### WORK INSTRUCTIONS
Bring together all lines of the material below that contain the string "Clachan".

**** ENTRIES SUPPLIED ****

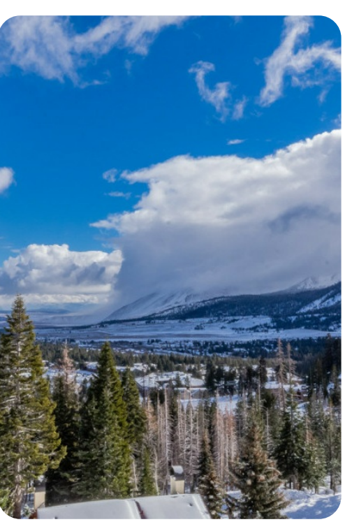
Mammoth Lakes 1 | Page 7 of 7
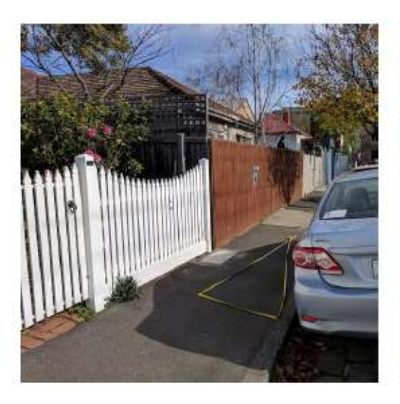
Looking west along Blanche Street
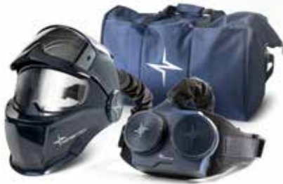
Evolution Vision 65F Air Kit with Evolution Vision 65F Air:
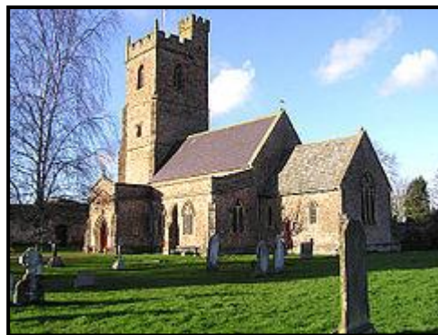
The Church of St. Mary the Virgin, Nether Stowey.
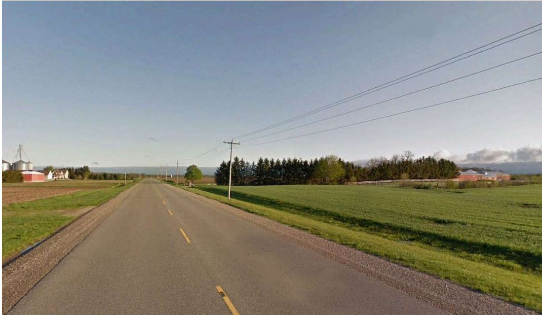
Existing property: looking north/northeast from Clachan Road

The figures below show the property from Clachan Road before the tower and with the proposed Xplornet tower.
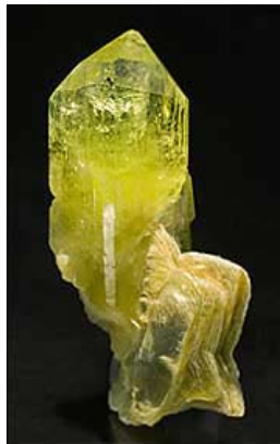
Brazilianite, 5.3 cm, from the Telirio mine, Linópolis, Minas Gerais, Brazil.

In 2007 a new German locality for galena joined the long list of classic venerables of the kind, when the Mayer limestone quarry, 15 km east of the old Carolingian capital city of Aachen, in Nordrhein-Westfalen, produced about 2,500 galena crystal groups from a big, pockety sulfide zone on the quarry's floor. The specimens all look much alike, but it is a good way to look: they are tight clusters of metallic gray and highly lustrous, octahedral to cuboctahedral galena crystals to 3 cm individually. The specimens have no matrix or visible associated species, and they reach mid-cabinet size. Mayer quarry galena has gotten scarce during the past few years, but now Jordi Fabre ( www.fabreminerals.com ) has 10 excellent examples, large-miniature to small-cabinet size, on his site. And for an aesthetic change of pace, see also Jordi's five fine miniatures of that favorite of young and old, brazilianite , in bright yellow, gemmy, lustrous, wedge-terminated blades to 4 cm, with crystals of muscovite and orthoclase. Jordi gives the locality for these pretty pieces only as Linópolis, Divino de Larenjeiras, Minas Gerais—but experience suggests that their specific source can only be the Marcel Telirio mine.
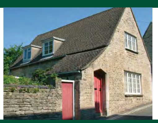
Private property but can be seen from the road.

Weavers Cottage dates back to the 18th century and was originally a group of three weavers' cottages. Each cottage would have had a loom set up in the lightest room which was operated by the weaver, who lived there with his family.
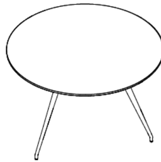
With wood, matt lacquered, glossy marble effect or ceramic top
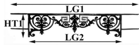
Schéma explicatif dimensionnel
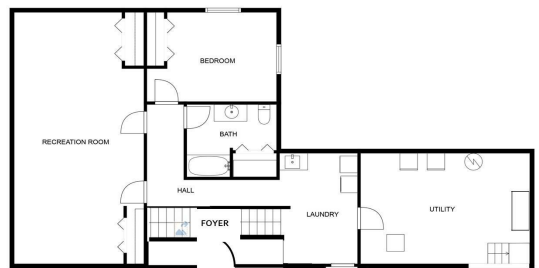
FLOOR PLAN CREATED BY CUBICASA APP. MEASUREMENTS DEEMED HIGHLY RELIABLE BUT NOT GUARANTEED.
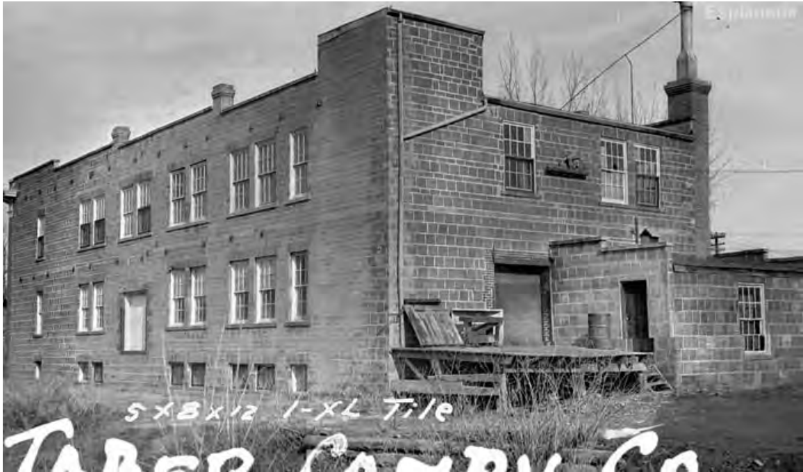
Tabor Candy Co. Ltd. rear façade, circa 1940.
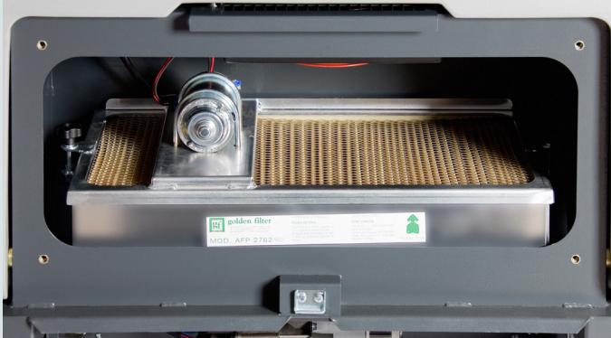
An electrical filter shaking system cleans the filter automatically every 5 minutes
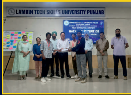
Hack the Future 2.0 Unleash your skills in Cyber Security, CTF, AI/ML & Data Science
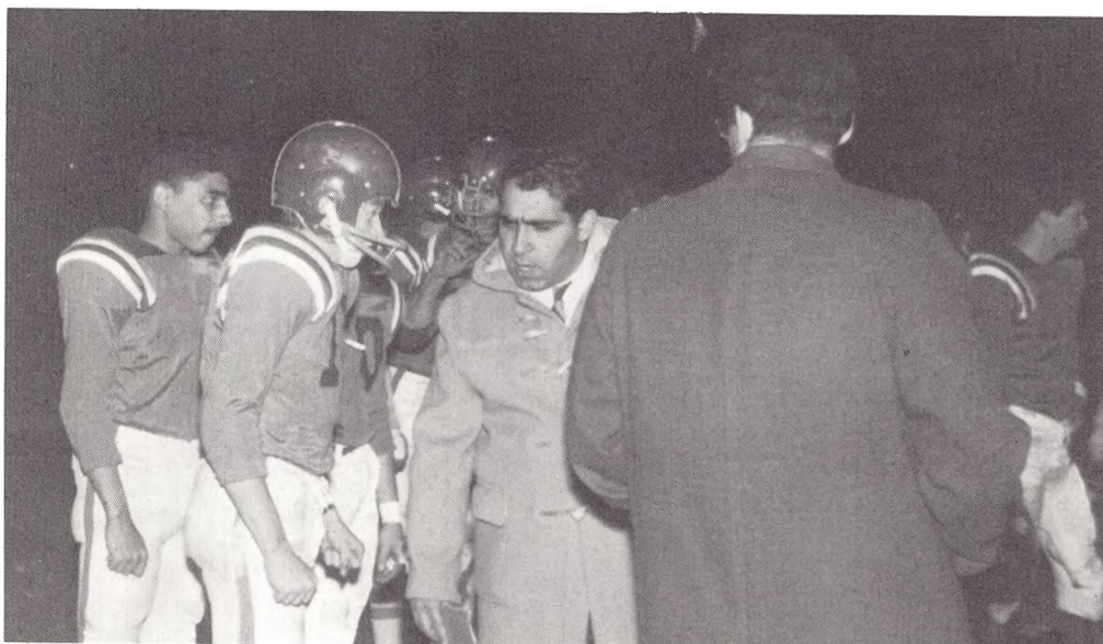
"You want to go to the bathroom now?"
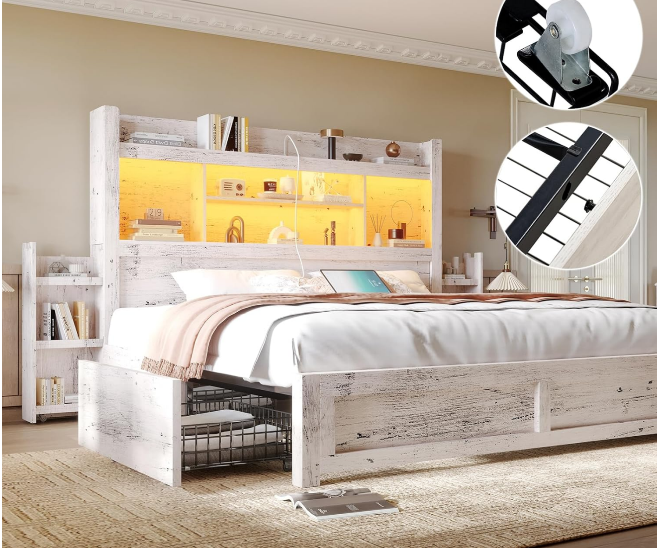
Image: Under-bed rolling storage drawers.
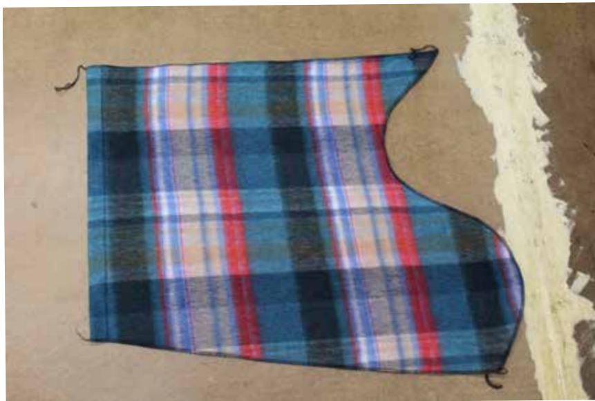
Serge remaining raw edges of self and lining together and press well
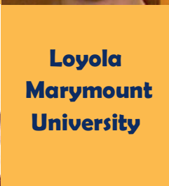
Loyola Marymount University
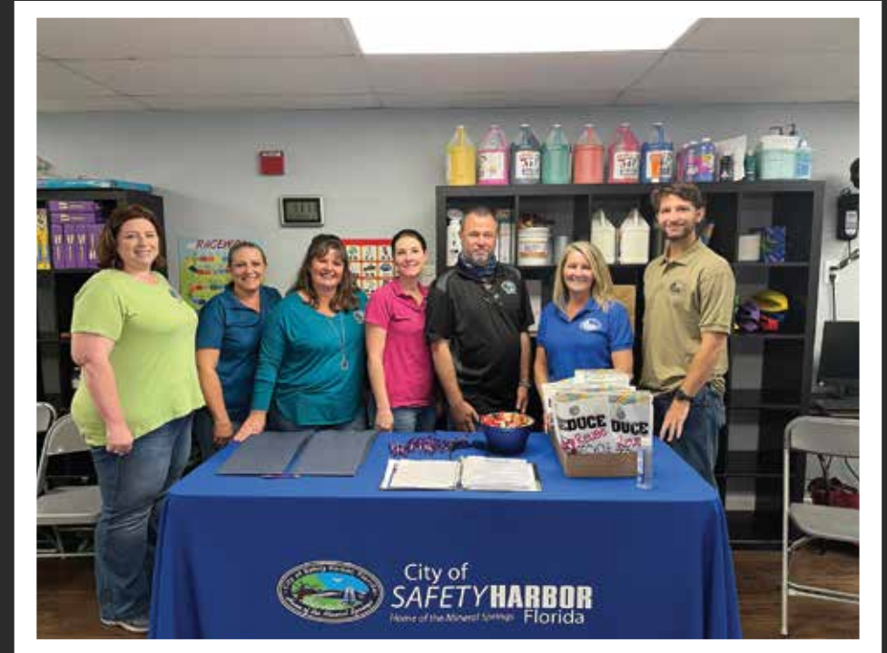
CITY STAFF PARTICIPATE IN JOB FAIRS THROUGHOUT THE YEAR

****

### RESPONSE TO THIS TASK
Existing property: looking north/northeast from Clachan Road
The figures below show the property from Clachan Road before the tower and with the proposed Xplornet tower.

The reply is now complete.